Under Brown's editorship the Advertiser continued to flourish. The board spent 50 shillings on a treat for the workforce to celebrate Queen Victoria's golden jubilee. Although it was decided to buy a new printing press, Brown later reported that he could alter the present one to make it do. He still travelled in daily from Southwell until in 1889 a house was built for him next to the works, by Brown and Son at a cost of £490.

===Technology===
The Advertiser began to move into a technological age, buying a 2 hp gas engine to supplement the steam power, and in 1895 installing the telephone. Two years later came the first Linotype machine on hire. Within months came electric light, installed at a cost of £100.

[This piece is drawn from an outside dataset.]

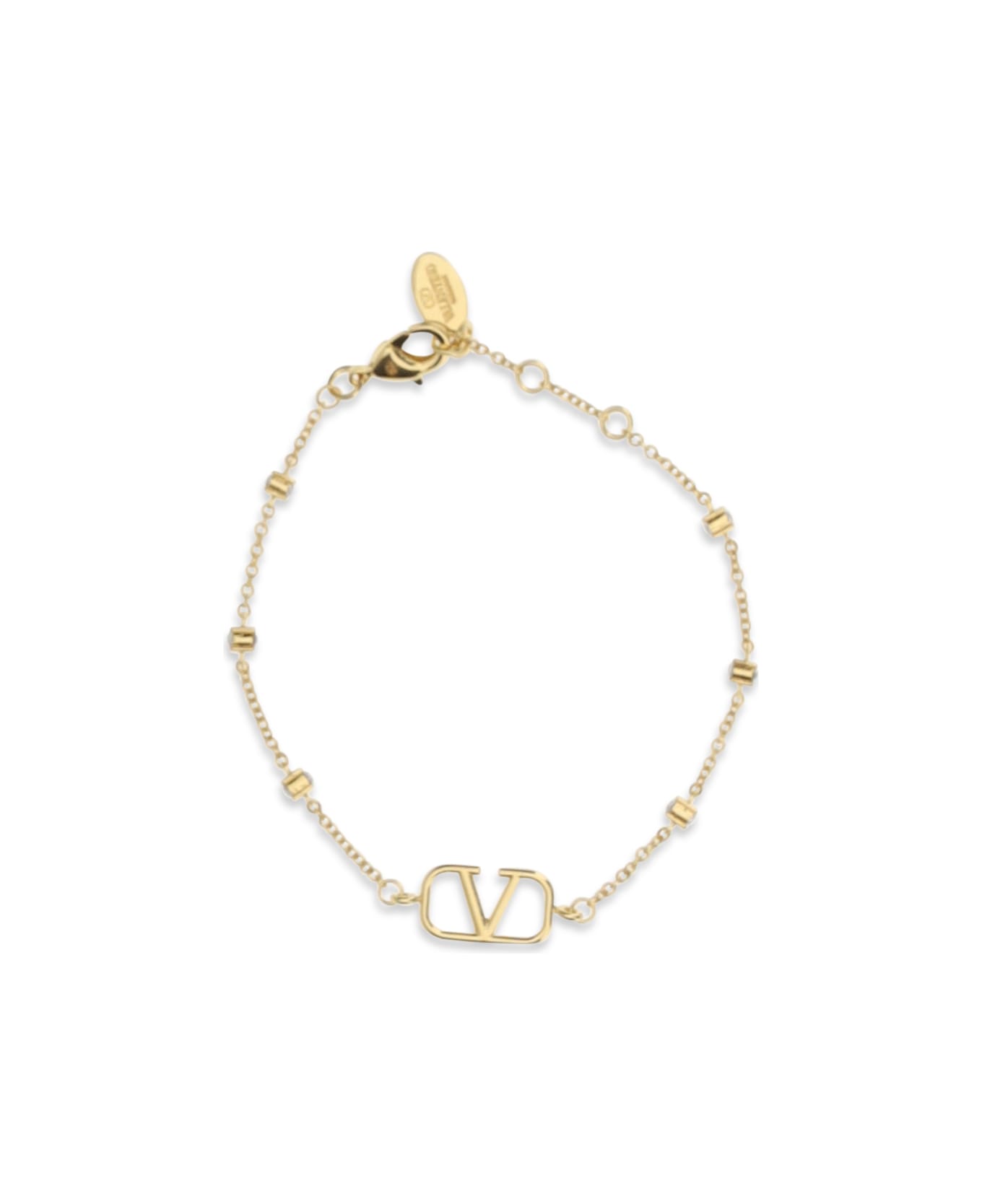 The vlogo signature bracelet with swarovski® crystals by valentino garavani is an elegant and luminous accessory, crafted in metal with an 18-karat gold finish. the swarovski® crystals add sparkle and sophistication, making the bracelet perfect for completing sophisticated looks with a distinctive touch of luxury. Composition: 100% % Metal Metallic Metallised

Whiles, the original owner of the Advertiser, had maintained his connection with it as cashier and publisher, for the paper was still published from Stodman Street. When he died in 1900 he was succeeded by his son Herbert Whiles.

In 1903, J. C. Kew came onto the Advertiser scene in a significant way. He had already been writing for the paper for some years, while running a coal business at Beaumond Cross. He was later to be chairman of Newark Rural District Council for 21 years and during that time served two years as Mayor of Newark.

==Handing over==
At the age of 51, Brown decided to hand over some of his editorial responsibilities to Kew, who was then 35. It was a prophetic decision, for just four years later Cornelius Brown died and Kew became editor. Brown had attended the October board meeting in 1907 but was taken ill ten days later after correcting the final proofs of his History of Newark. He died on 4 November without seeing the published version of Volume II.

==Private life==
Cornelius Brown married and set up home at Almar House, Westgate, Southwell. It was there that his first child was born in 1881. She was named Ethel and later became Mrs R. P. Blatherwick.

==Bibliography==
- Notes about Notts. (1874)
- The Annals of Newark (1879)
- An Appreciative Life of the Right Hon. the Earl of Beaconsfield (1881)
- The Worthies of Notts. (1882)
- True Stories of the Reign of Queen Victoria (1886)
- A History of Nottinghamshire (1891)
- A History of Newark in two volumes (1905 and 1907).